1. Evaluation phase: The Worklet runs a get_package_manager function that uses command -v to probe for yum, apt-get, and zypper in that priority order. It then queries the selected manager for the open-vm-tools package – yum list installed grepped for open-vm-tools on Red Hat family, apt list --installed grepped for open-vm-tools on Debian and Ubuntu, and zypper search -i open-vm-tools on openSUSE and SLES. If the package is installed, the Worklet exits 0 (compliant). If the package is absent, the endpoint is flagged non-compliant and remediation is scheduled.

2. Remediation phase: Remediation calls the same package-manager detection helper, short-circuits to exit 0 if the package is already installed (yum list installed, dpkg-query -W, or zypper se -i depending on the manager), then runs yum install -y open-vm-tools, apt-get install -y open-vm-tools, or zypper install -y open-vm-tools depending on the platform.

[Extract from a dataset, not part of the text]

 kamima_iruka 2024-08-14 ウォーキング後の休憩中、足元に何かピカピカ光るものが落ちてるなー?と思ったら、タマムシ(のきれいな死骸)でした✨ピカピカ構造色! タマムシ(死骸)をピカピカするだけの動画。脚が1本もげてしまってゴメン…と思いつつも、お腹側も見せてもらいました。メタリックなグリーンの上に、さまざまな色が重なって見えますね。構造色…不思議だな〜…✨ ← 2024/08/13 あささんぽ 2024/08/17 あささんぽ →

The package's post-install scriptlet runs systemctl enable open-vm-tools so the vmtoolsd service starts on every subsequent boot. The Worklet exits 0 when the package install command returns success and non-zero with a status message on stdout when the install fails or the package manager cannot be identified.

open-vm-tools deployment requirements

• Linux endpoint running on VMware vSphere, vCloud, ESXi, Workstation, or Fusion – bare-metal hosts and non-VMware hypervisors should be excluded from the policy

• Supported package manager available on the endpoint: yum (RHEL, CentOS, Rocky, Alma, Fedora – yum is a dnf wrapper on RHEL 8 and later), apt-get (Debian, Ubuntu), or zypper (openSUSE, SLES). Endpoints with only dnf and no yum compatibility symlink are not detected by the current script.

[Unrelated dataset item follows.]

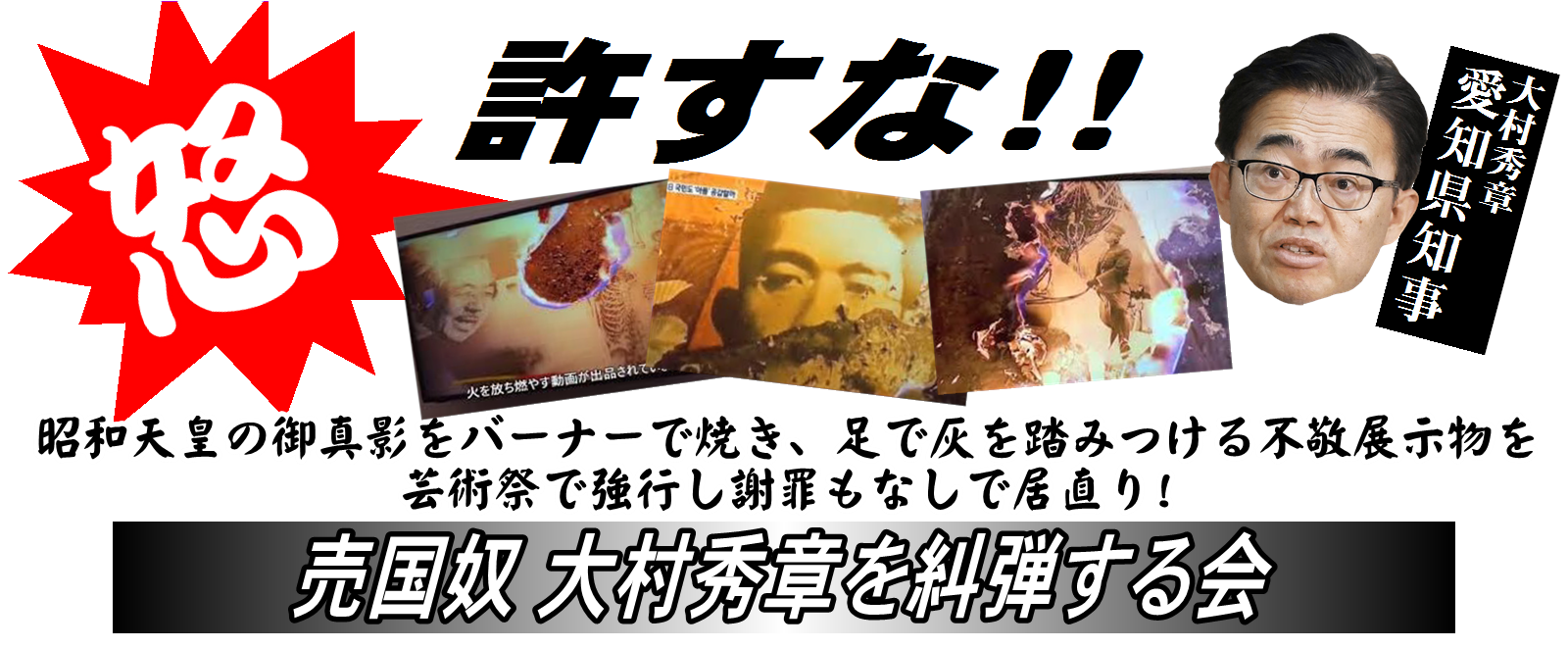 8月下旬に愛知県入りして、この愛国者総決起集会まで愛知県で昭和天皇の御真影をバーナーで焼き、足で踏みつけた行為を言論の自由だなどと居直る大村愛知県知事に対する糾弾行動を愛知県内全域で行ないます。

• Root or sudo privileges for the Automox agent (the default agent context already meets this)

• Network reachability from the endpoint to the distribution's package repository (apt sources, yum/dnf repos, or zypper repos)

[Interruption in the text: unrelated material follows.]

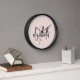 Decorate your home in style with this chic modern monogram blush pink, black and gold wall clock. Personalize the clock with your name or initials for a unique and meaningful touch. The stylish script font will add a modern and sophisticated flair to any wall, and is a great way to show off your personal style. Whether you hang it in your living room, kitchen, or office, this clock is sure to make a lasting impression.

• systemd present on the endpoint so the package's post-install scriptlet can register vmtoolsd as an enabled service

• FixNow compatible: the Worklet can run on demand against a single endpoint or device group from the Automox console without waiting for the next scheduled policy window

Expected state after open-vm-tools deployment

After remediation, the open-vm-tools package is installed and queryable through the local package manager. dpkg -s open-vm-tools returns Status: install ok installed on Debian and Ubuntu; rpm -q open-vm-tools returns the versioned package name on RHEL, Rocky, Alma, Fedora, openSUSE, and SLES. The vmtoolsd binary lives at /usr/bin/vmtoolsd and reports its version through vmtoolsd --version.

systemctl status open-vm-tools shows the unit as active (running) and enabled, with the loaded unit file at /usr/lib/systemd/system/open-vm-tools.service or /lib/systemd/system/open-vm-tools.service depending on the distribution. The vmware-toolbox-cmd utility reports the running state to the hypervisor (vmware-toolbox-cmd timesync status, vmware-toolbox-cmd stat balloon). vCenter flips the guest's tools status from 'Not running' or 'Not installed' to 'Running (Current).' Subsequent Automox policy evaluations report the endpoint as compliant without applying remediation again.

Validate end-to-end by initiating a low-impact vMotion of the guest to another host in the cluster. The migration should complete without warnings about missing tools. For audit evidence, capture the output of vmtoolsd --version, systemctl status open-vm-tools, and the package-manager query alongside the Automox policy run identifier. The package remains in place across kernel upgrades and reboots; it is only removed if an administrator runs an explicit purge or remove, at which point the next Worklet evaluation flags the endpoint and remediation restores the package on the following run.